■ YOUR ASSIGNMENT: Retype the following data exactly, but leave its pictures out.

■ SOURCE MATERIAL:
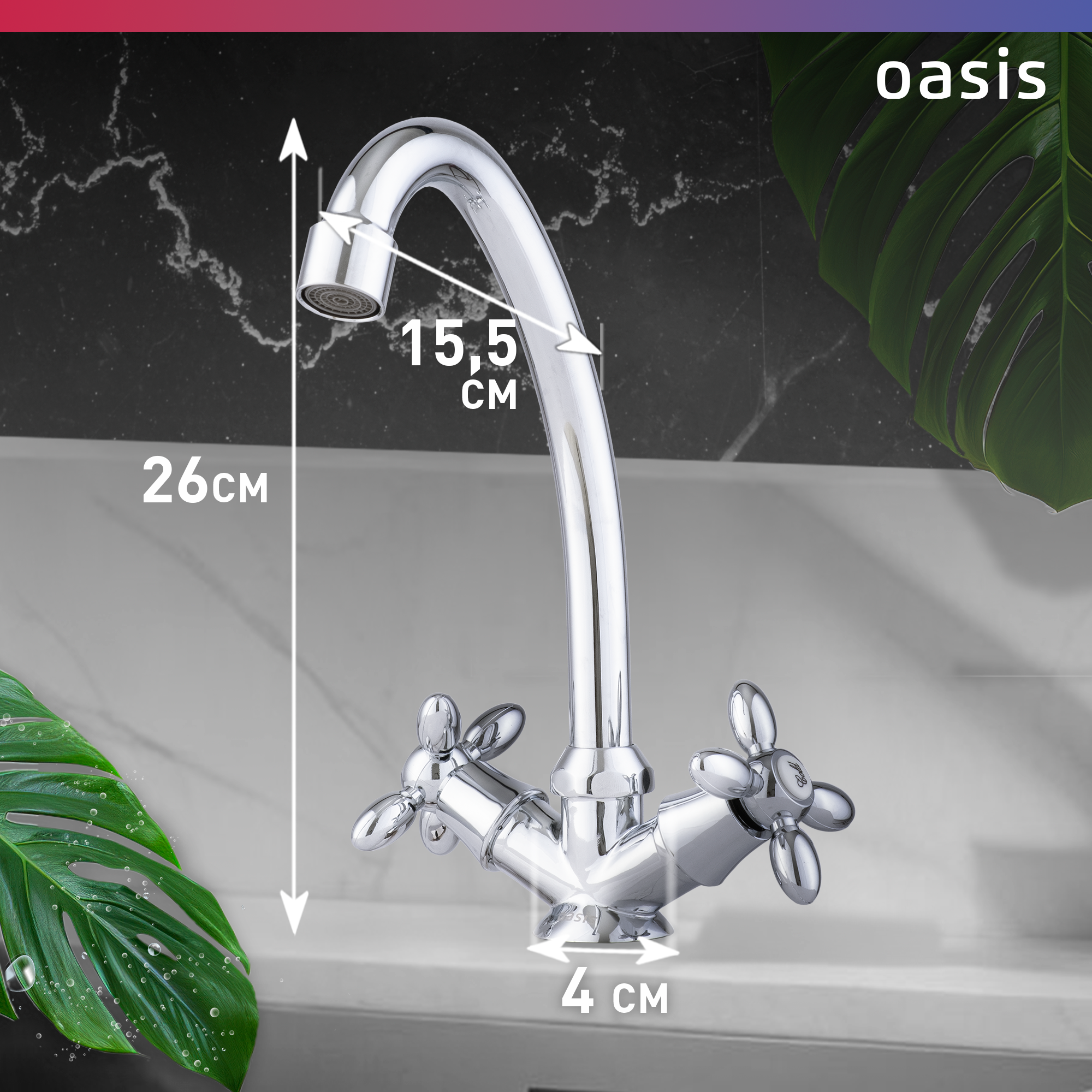 Смеситель для кухни на мойку из латуни двухвентильный Oasis L1000HCG интересное:
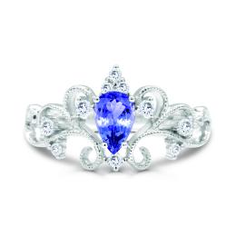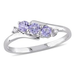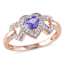 Julianna B 10K White Gold Diamond and Heart Shaped Amethyst and Tanzanite Ring
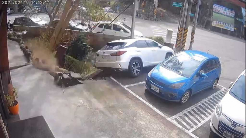竹東鎮社區廣場突發地面坍塌! 汽車值墜3米深坑幸無人傷亡
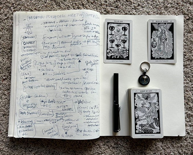 A journal entry and Tarot card spread from a Missouri Psychedelic Meetup in 2021

■ TASK OUTPUT:
 Смеситель для кухни на мойку из латуни двухвентильный Oasis L1000HCG интересное:
 Julianna B 10K White Gold Diamond and Heart Shaped Amethyst and Tanzanite Ring
竹東鎮社區廣場突發地面坍塌! 汽車值墜3米深坑幸無人傷亡
 A journal entry and Tarot card spread from a Missouri Psychedelic Meetup in 2021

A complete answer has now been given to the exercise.